═════ Provided records

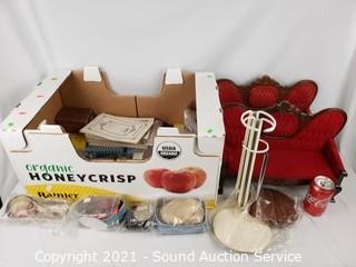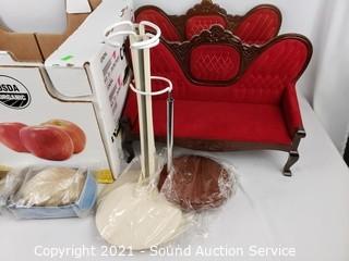 Lot #0044: Assorted Doll Furniture, Stands & Wigs
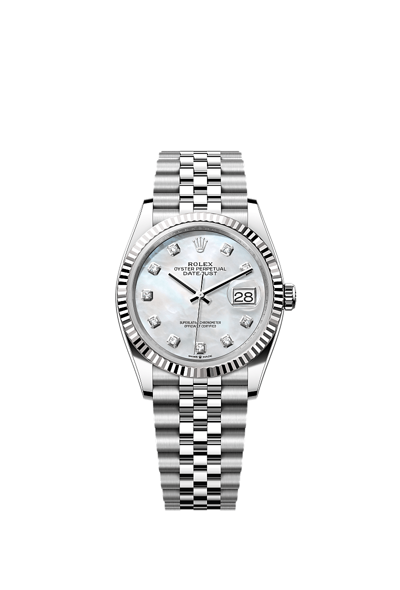 Este Oyster Perpetual Datejust 36 em aço Oystersteel e ouro branco apresenta um mostrador em madrepérola branca, cravejada de diamantes e uma pulseira Jubilee.
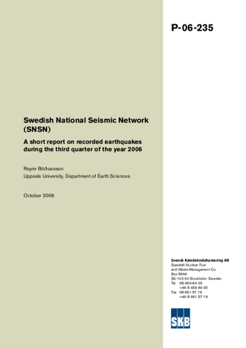 Swedish National Seismic Network (SNSN) A short report on recorded earthquakes during the third quarter of the year 2006
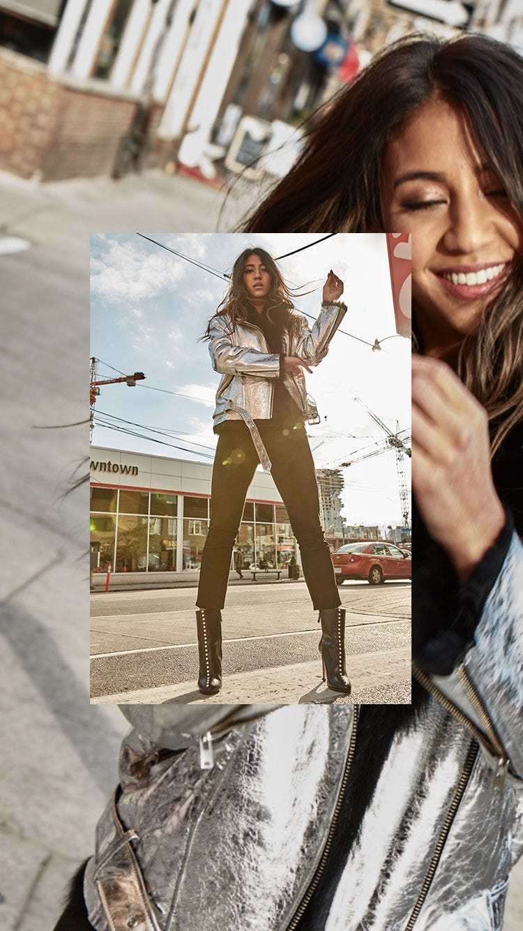 "I would never get rid of my jackets, from leather jackets to duster coats. I rotate them constantly and consider them investment pieces. I’m wearing a blazer with pretty much everything these days — casual for daytime and dressed up at night. Oversized blazers are my go-to, as well as biker jackets. Paired with flats or heels, they look great. In Canada, a good winter jacket is also key. Oversized coats are great because you can pile a ton of layers underneath and not look frumpy."
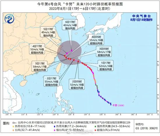 根据目前预报,“卡努”将以每小时15公里至20公里的速度向西北方向移动,强度还将有所增强,并向琉球群岛南部海域靠近,8月2日上午移入东海,然后逐渐向浙江中部至福建北部一带沿海靠近。
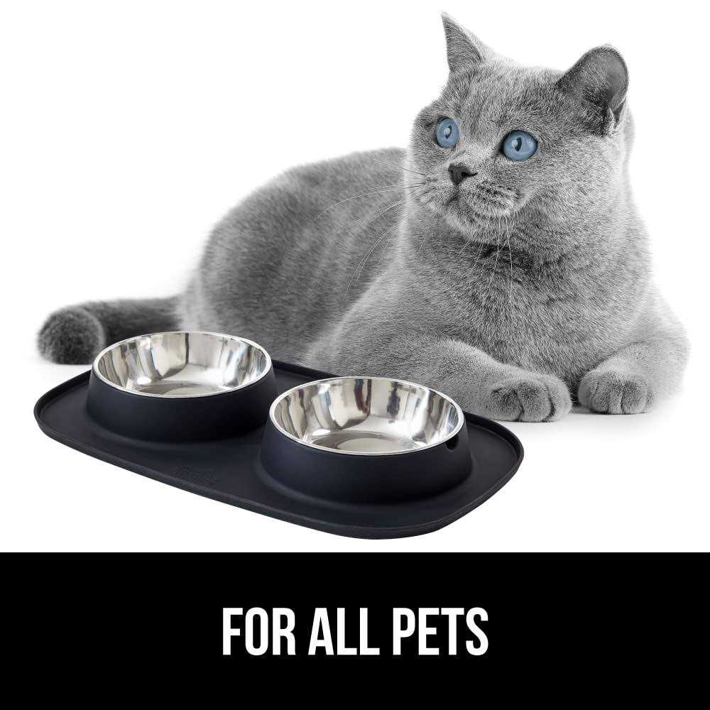 Gorilla Grip 100% Waterproof BPA Free Cat and Dog Bowls Silicone Feeding Mat Set
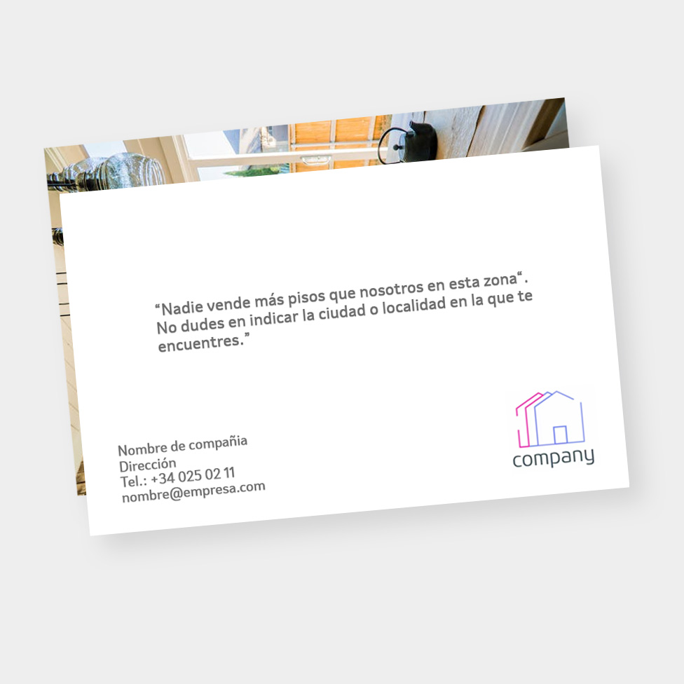 Ofrecemos folletos, tarjetas, carteles y banners para promocionar tus propiedades y servicios.
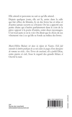 Elle attend et personne ne sait ce qu’elle attend. Depuis quelques jours, elle est là, assise dans la salle qui fait office de librairie, là où des livres lus et relus et d’autres jamais ouverts se côtoient. On lui a apporté une petite chaise qui s’insère parfaitement dans le coin de la pièce opposé à la porte d’entrée, entre deux rayonnages. C’est tout juste si on la voit. On dirait que le choix de ses vêtements vise à ce qu’elle se fonde au milieu des livres.

══════════

• What is needed
Return the data exactly. Do not carry over any images.

• Answer below
 Lot #0044: Assorted Doll Furniture, Stands & Wigs
 Este Oyster Perpetual Datejust 36 em aço Oystersteel e ouro branco apresenta um mostrador em madrepérola branca, cravejada de diamantes e uma pulseira Jubilee.
 Swedish National Seismic Network (SNSN) A short report on recorded earthquakes during the third quarter of the year 2006
 "I would never get rid of my jackets, from leather jackets to duster coats. I rotate them constantly and consider them investment pieces. I’m wearing a blazer with pretty much everything these days — casual for daytime and dressed up at night. Oversized blazers are my go-to, as well as biker jackets. Paired with flats or heels, they look great. In Canada, a good winter jacket is also key. Oversized coats are great because you can pile a ton of layers underneath and not look frumpy."
 根据目前预报,“卡努”将以每小时15公里至20公里的速度向西北方向移动,强度还将有所增强,并向琉球群岛南部海域靠近,8月2日上午移入东海,然后逐渐向浙江中部至福建北部一带沿海靠近。
 Gorilla Grip 100% Waterproof BPA Free Cat and Dog Bowls Silicone Feeding Mat Set
 Ofrecemos folletos, tarjetas, carteles y banners para promocionar tus propiedades y servicios.
 Elle attend et personne ne sait ce qu’elle attend. Depuis quelques jours, elle est là, assise dans la salle qui fait office de librairie, là où des livres lus et relus et d’autres jamais ouverts se côtoient. On lui a apporté une petite chaise qui s’insère parfaitement dans le coin de la pièce opposé à la porte d’entrée, entre deux rayonnages. C’est tout juste si on la voit. On dirait que le choix de ses vêtements vise à ce qu’elle se fonde au milieu des livres.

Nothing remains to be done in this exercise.